Trying to contact applicants whose submissions have errors could also prove challenging, Carrasco said, given the number of documents the department receives. Before the pandemic, the Sheriff’s Department received about 1,050 requests to serve temporary restraining orders each month, Carrasco said. But even as court activities have slowed during the COVID-19 outbreak, that number has dipped only to about 750 a month.
“It’d be the whole issue of locating folks, hoping that they get back to us … as opposed to having them on the spot, in front of us, where we can correct them,” Carrasco said, noting that temporary restraining orders often expire 21 days after they are granted by a judge.
Other law enforcement agencies, however, have modified their policies out of concern for vulnerable victims during the pandemic.
Ventura County Sheriff’s Capt. Eric Buschow said his agency began accepting service instructions for restraining orders via fax and email during the pandemic. In Orange County, the Sheriff’s Department began accepting such documents via mail or through drop-off boxes placed outside department buildings or courthouses, said Carrie Braun, a spokeswoman for the agency. In some cases, she said, restraining order instructions would also be sent directly to the Sheriff’s Department from the court that granted the order.

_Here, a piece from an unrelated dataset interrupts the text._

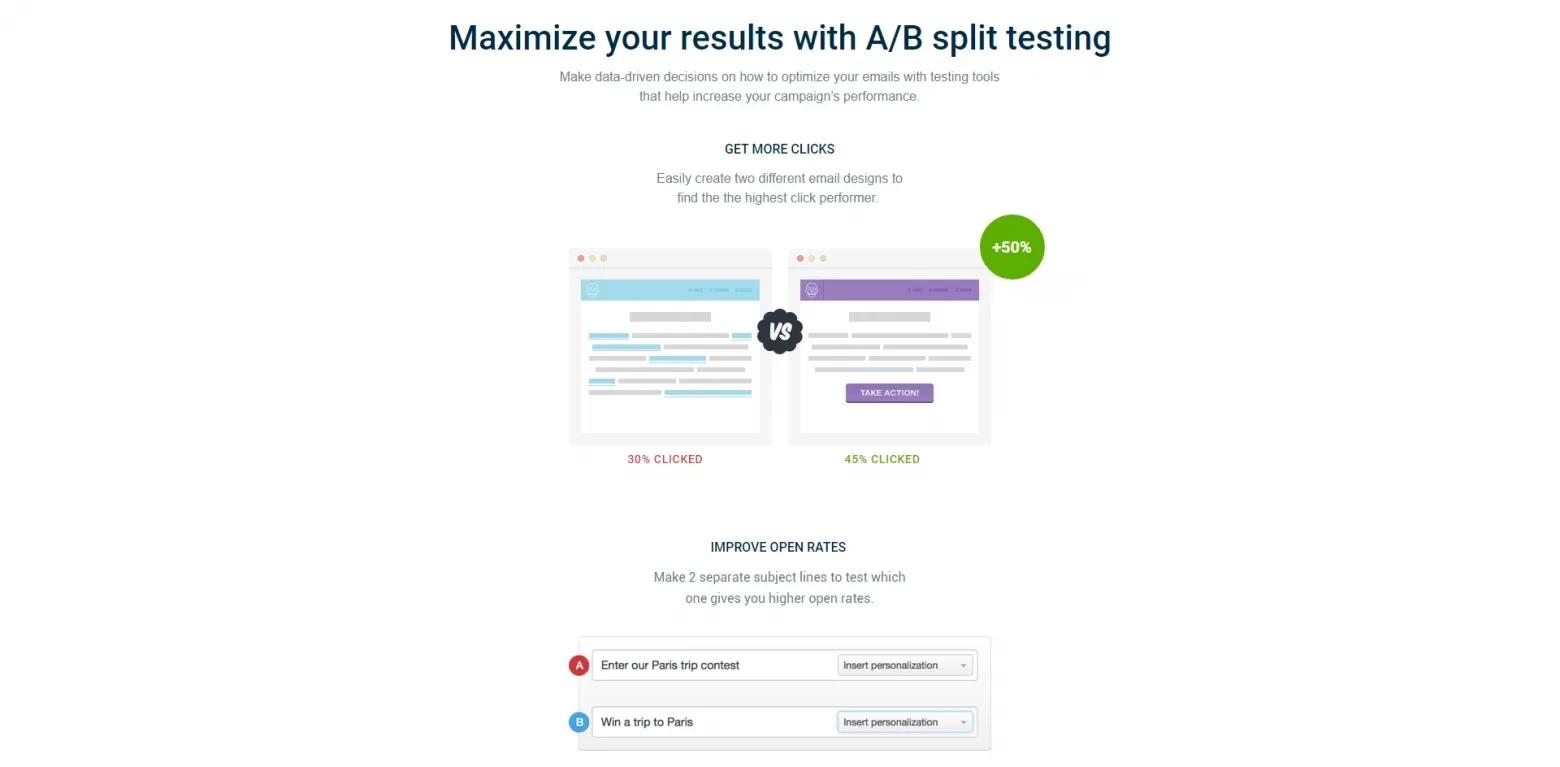 Hieronder heb ik de landingspagina opgedeeld en zie je welke onderdelen de marketingafdeling van Campaignmonitor heeft gemaakt om antwoord te geven aan die vragen. Ze hebben zich duidelijk verplaatst in de bezoeker.

Carrasco said such exceptions would be impossible because of the volume of requests made in L.A. County. Braun said the Orange County Sheriff’s Department served 847 restraining orders from September 2020 through February 2021, slightly more than the average number of requests Carrasco said his department received each month during the pandemic.
It is not clear why instructions to serve restraining orders are not sent directly from L.A. County courtrooms to the Sheriff’s Department, though Carrasco said it is not common practice for the courts to do so in other civil matters. A court spokesperson declined to comment.

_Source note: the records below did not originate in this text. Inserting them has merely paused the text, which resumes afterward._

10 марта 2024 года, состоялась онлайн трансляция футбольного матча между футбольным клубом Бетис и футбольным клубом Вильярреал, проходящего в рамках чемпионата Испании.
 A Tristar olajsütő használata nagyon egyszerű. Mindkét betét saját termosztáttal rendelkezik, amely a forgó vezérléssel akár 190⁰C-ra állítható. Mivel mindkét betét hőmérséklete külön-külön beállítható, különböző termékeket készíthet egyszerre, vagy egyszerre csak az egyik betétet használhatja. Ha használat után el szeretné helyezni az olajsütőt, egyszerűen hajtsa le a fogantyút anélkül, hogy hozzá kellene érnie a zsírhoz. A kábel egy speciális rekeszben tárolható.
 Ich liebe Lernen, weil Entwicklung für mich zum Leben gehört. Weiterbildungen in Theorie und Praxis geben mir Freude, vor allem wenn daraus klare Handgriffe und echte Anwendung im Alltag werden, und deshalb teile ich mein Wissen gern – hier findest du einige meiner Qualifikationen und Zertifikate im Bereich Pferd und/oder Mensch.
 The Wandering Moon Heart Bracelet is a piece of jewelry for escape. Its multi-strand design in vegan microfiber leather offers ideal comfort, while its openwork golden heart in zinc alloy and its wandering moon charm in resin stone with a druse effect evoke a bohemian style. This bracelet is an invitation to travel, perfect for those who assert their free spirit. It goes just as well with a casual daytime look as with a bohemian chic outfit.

But attorneys representing victims of domestic and elder abuse have continued to plead for compromise. Amanda Jancu, a senior attorney with the Los Angeles Center for Law and Justice, said the Sheriff’s Department’s rigid posture has created a “two-tiered system of justice.”
Many clients who rely on the Sheriff’s Department to serve court orders are low-income and cannot afford a private process server, she said. Jancu also noted that many of her clients lack access to a computer, printer or vehicle, meaning they had to expose themselves to public transit or other crowded spaces to get their paperwork together or reach a courthouse.

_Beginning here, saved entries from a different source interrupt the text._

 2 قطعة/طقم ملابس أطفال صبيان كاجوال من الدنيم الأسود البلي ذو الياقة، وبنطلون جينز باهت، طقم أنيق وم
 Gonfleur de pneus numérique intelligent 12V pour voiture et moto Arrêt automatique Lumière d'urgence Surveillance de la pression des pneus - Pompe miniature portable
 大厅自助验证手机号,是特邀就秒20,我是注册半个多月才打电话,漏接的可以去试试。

The COVID-19 pandemic has also led prosecutors to delay filing charges in some cases out of concern that the county’s massive case backlog might lead to speedy trial issues, and advocates say some abuse victims have no other legal respite besides a restraining order. In some cases, Jancu said, the delay in processing by the Sheriff’s Department has led to situations in which abusers can continue to harass their victims without consequence.
“Delaying service is detrimental in these cases,” she said. “We’ve had a lot of clients where they’re trying to file police reports and there’s not a proof of service, so there can’t be an arrest.”
Carrasco said the department is working on updating its intake process but is not set up to receive electronic submissions. Jancu said she hopes the Sheriff’s Department becomes more collaborative with advocacy groups to find a solution that helps the most important people in the process — abuse victims.
“A lot of the process is frustrating,” she said. “You would hope that the Sheriff’s Department … would want to work with people who are working exclusively with survivors of abuse and have fair insight into the barriers that are being formed.”